While there will, no doubt, be some oh-so-trendy celebrations of “Earth Day” across our land today, people of faith and perhaps particularly people of biblical faith should understand something of the stewardship of creation. We believe that, from the beginning, God “saw that it was good.” We believe in the mystery of the incarnation in which God’s word “became flesh” in the midst of the material world. And we believe that the Holy Spirit “renews the face of the earth.”
Eastern Orthodox theology has long championed this perspective and the current Ecumenical Patriarch in Constantinople is known as the “Green Patriarch” for his passionate teaching in this area.

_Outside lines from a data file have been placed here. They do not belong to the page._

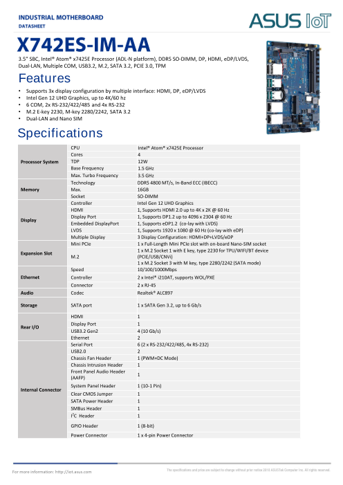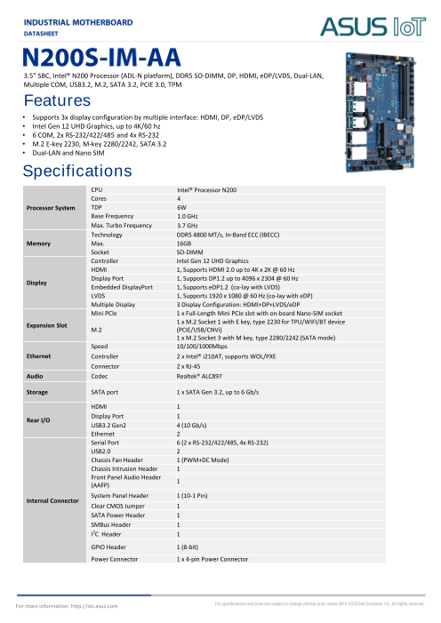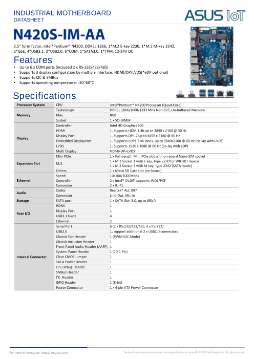 ASUS N420S-IM-AAは、小さな基盤に豊富なI/O機能、高度な接続性、柔軟なカスタマイズ・オプションを備えた3.5インチのSBC産業用マザーボードです。小型のケースは限られたスペースでの設置に最適です。最大6つのCOMポート(2 x RS-23...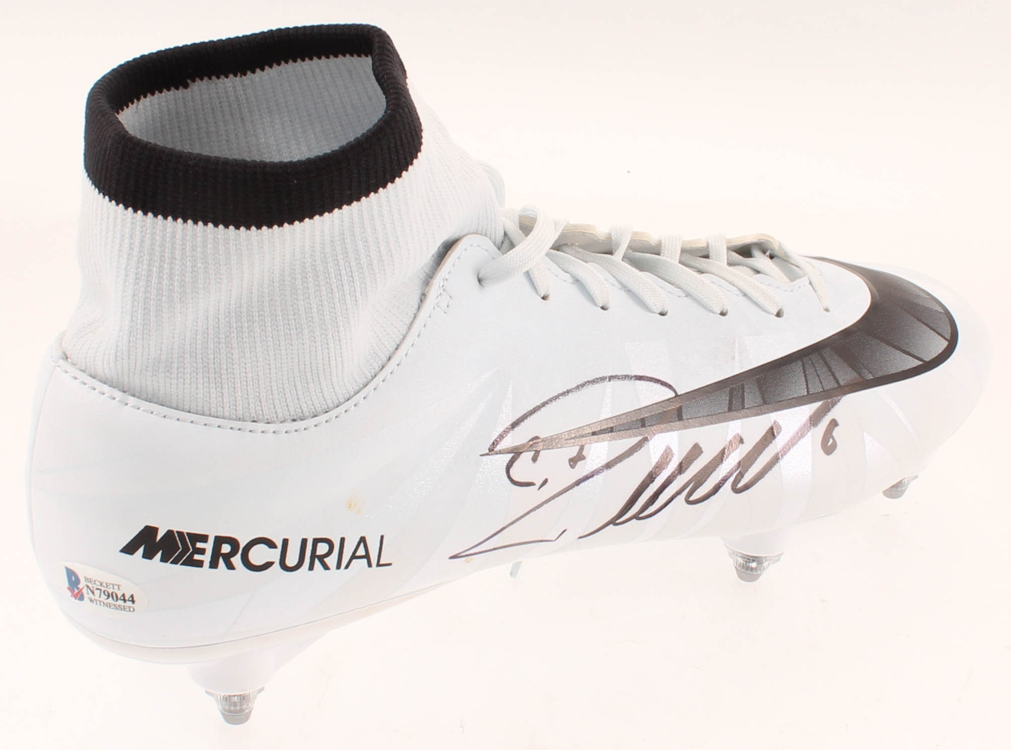 Nike Mercurial soccer cleat, size 9. Hand-signed in black felt-tip pen by Cristiano Ronaldo (Juventus). Please see images for details regarding the condition of the cleat.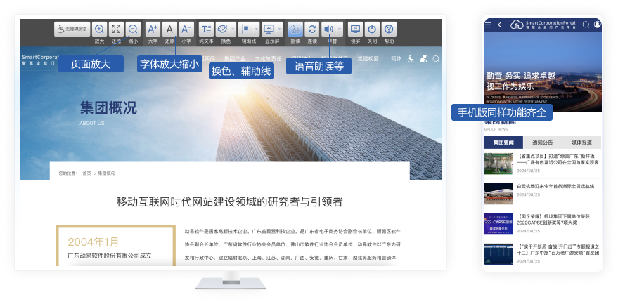 SmartCorporationPortal 是動易基于 WebFuture 全媒體發(fā)布平臺,為滿足大型國企、央企、集團(tuán)型企業(yè)的網(wǎng)站群集約化建設(shè)、信創(chuàng)適配、移動適配、全媒體發(fā)布和監(jiān)測、無障礙改造和適老化建設(shè)等需求而量身定制的整套解決方案。
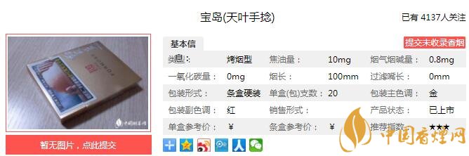 以上便是由香煙網(wǎng)小編為大家介紹的關(guān)于寶島天葉手捻多少錢一包 為大陸游客設(shè)計的旅游煙的相關(guān)信息,想要了解更多有關(guān)內(nèi)容請點擊:嬌子紅傳奇天子多少錢一包 紅傳奇口感及參數(shù)介紹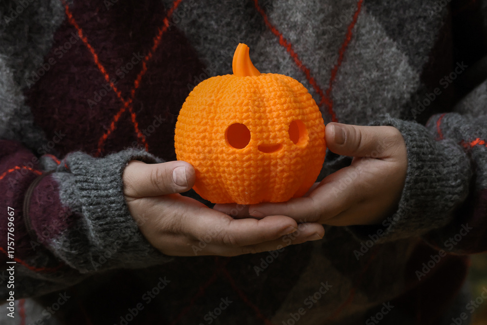 A person holds a cute, orange pumpkin lantern with a smiling face. The pumpkin has a textured surface, and the cozy autumn atmosphere is enhanced by the person’s sweater and the seasonal vibe.

For all our complicity in the destruction of the environment Protestant and Catholic Christians have come to embrace the need for witness and action to preserve the resources of the planet. And there are signs today that Evangelicals and Pentecostals too are awakening to this bibilical call to care for creation.
How could we all not? Do we not all pray together the words of today’s morning psalm?
“Praise the Lord from the earth, you sea monsters and all deeps;
Fire and hail, snow and fog, tempestuous wind, doing his will;
Mountains and all hills, fruit trees and all cedars;
Wild beasts and all cattle, creeping things and winged birds;
Kings of the earth and al peoples, princes and all rulers of the world;
Young men and maidens, old and young together,
Let them praise the Name of the Lord, for his Name only is exalted,
his splendor is over earth and heaven!”